§ Task
Only the lines from the top of the listing below to the line that has "닥시럽을 만들어서 지금은" should be echoed, with both ends kept and pictures left out.

§ Data in this exercise

..........

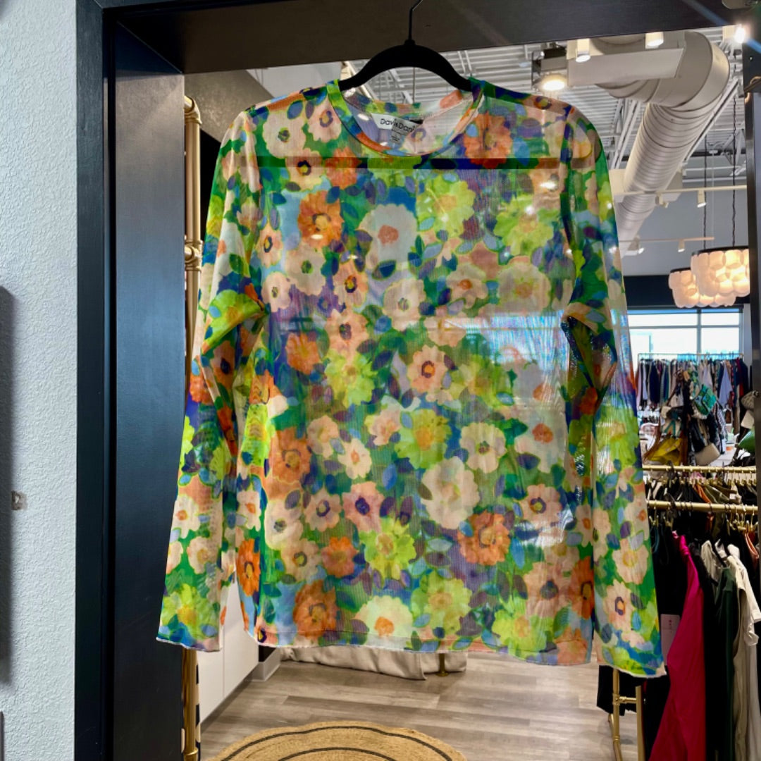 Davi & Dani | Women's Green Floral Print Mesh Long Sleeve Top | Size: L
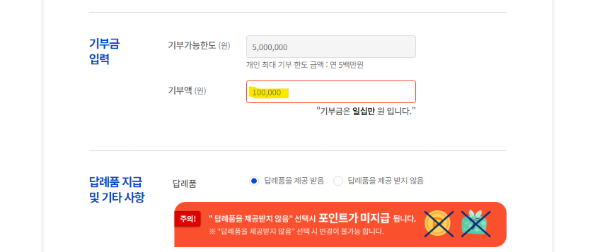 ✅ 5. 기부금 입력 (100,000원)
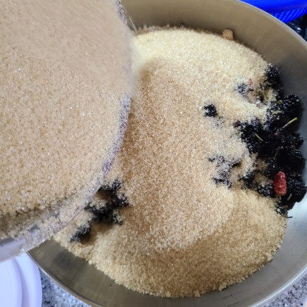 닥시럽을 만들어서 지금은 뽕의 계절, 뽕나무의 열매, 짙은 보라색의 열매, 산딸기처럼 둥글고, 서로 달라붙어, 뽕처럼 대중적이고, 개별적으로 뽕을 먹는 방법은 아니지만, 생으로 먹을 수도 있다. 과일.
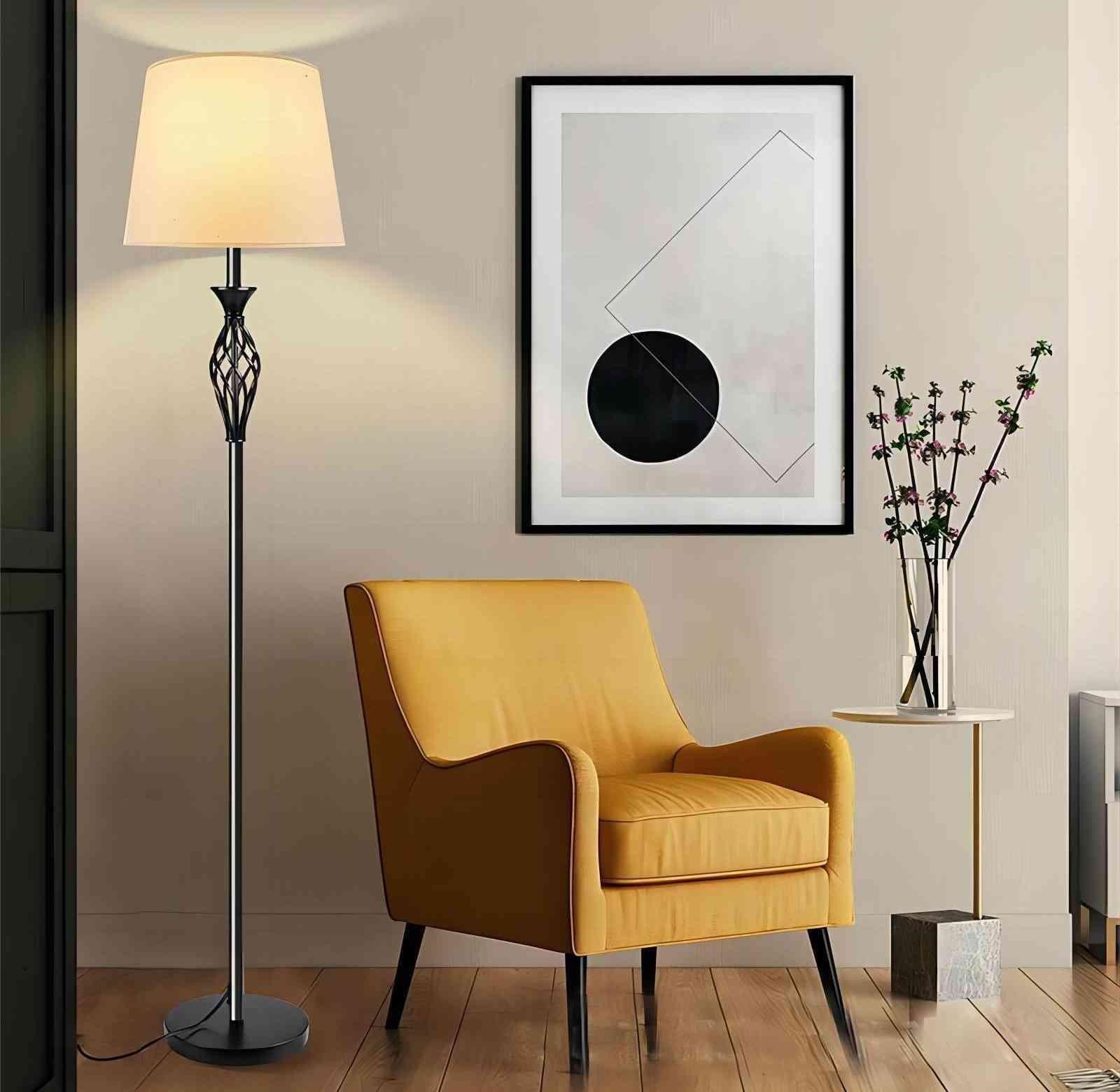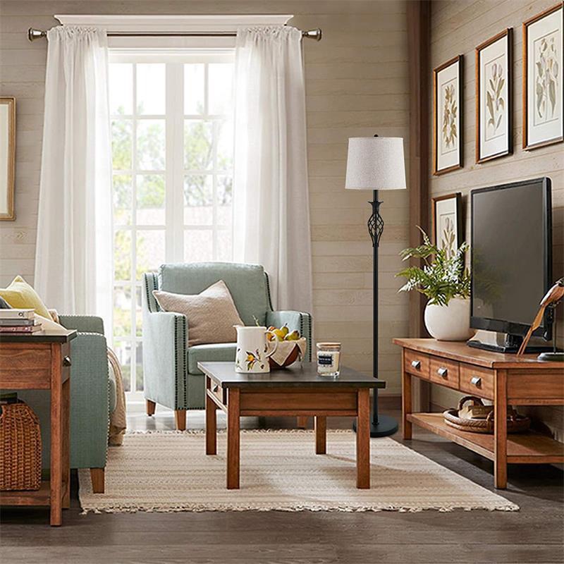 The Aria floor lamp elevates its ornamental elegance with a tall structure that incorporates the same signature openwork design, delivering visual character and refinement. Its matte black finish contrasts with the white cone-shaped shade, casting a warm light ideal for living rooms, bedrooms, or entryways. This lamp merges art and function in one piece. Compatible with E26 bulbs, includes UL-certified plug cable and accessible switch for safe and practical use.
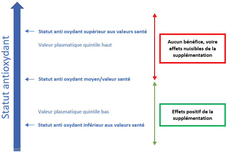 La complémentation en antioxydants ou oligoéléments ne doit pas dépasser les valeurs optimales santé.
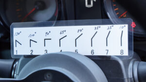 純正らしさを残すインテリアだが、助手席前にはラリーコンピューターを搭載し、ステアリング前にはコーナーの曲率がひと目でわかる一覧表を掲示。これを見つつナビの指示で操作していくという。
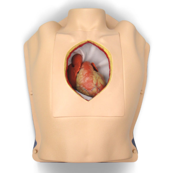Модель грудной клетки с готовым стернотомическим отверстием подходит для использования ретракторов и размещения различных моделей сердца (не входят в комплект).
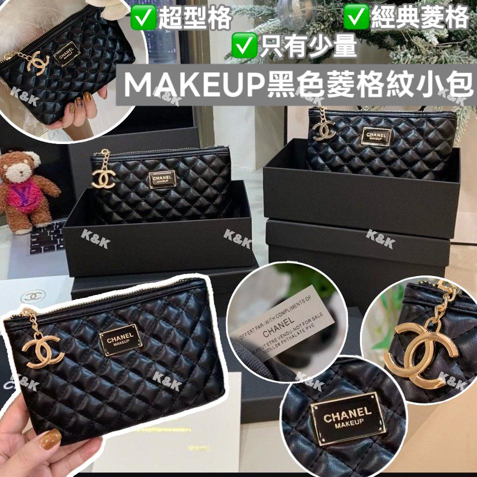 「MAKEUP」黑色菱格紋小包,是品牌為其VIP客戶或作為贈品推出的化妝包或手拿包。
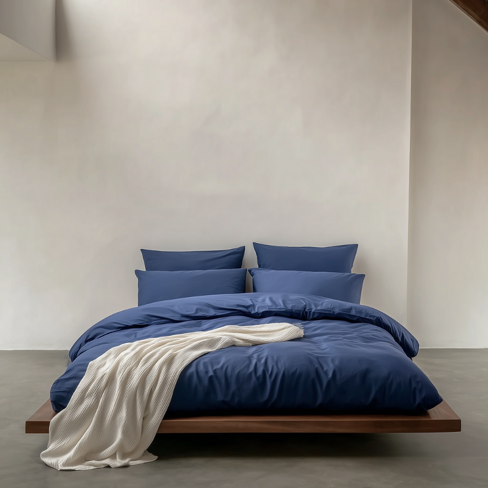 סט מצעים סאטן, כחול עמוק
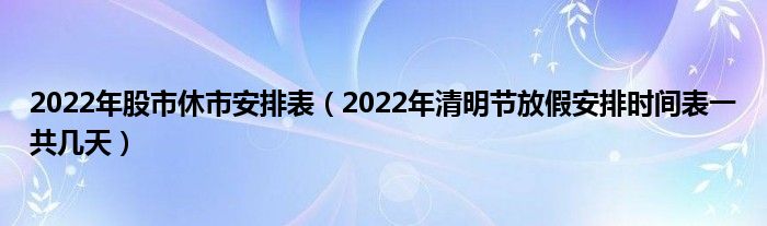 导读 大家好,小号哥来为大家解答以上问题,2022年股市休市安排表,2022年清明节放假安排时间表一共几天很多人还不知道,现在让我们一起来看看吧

..........

§ Response to this exercise
 Davi & Dani | Women's Green Floral Print Mesh Long Sleeve Top | Size: L
 ✅ 5. 기부금 입력 (100,000원)
 닥시럽을 만들어서 지금은 뽕의 계절, 뽕나무의 열매, 짙은 보라색의 열매, 산딸기처럼 둥글고, 서로 달라붙어, 뽕처럼 대중적이고, 개별적으로 뽕을 먹는 방법은 아니지만, 생으로 먹을 수도 있다. 과일.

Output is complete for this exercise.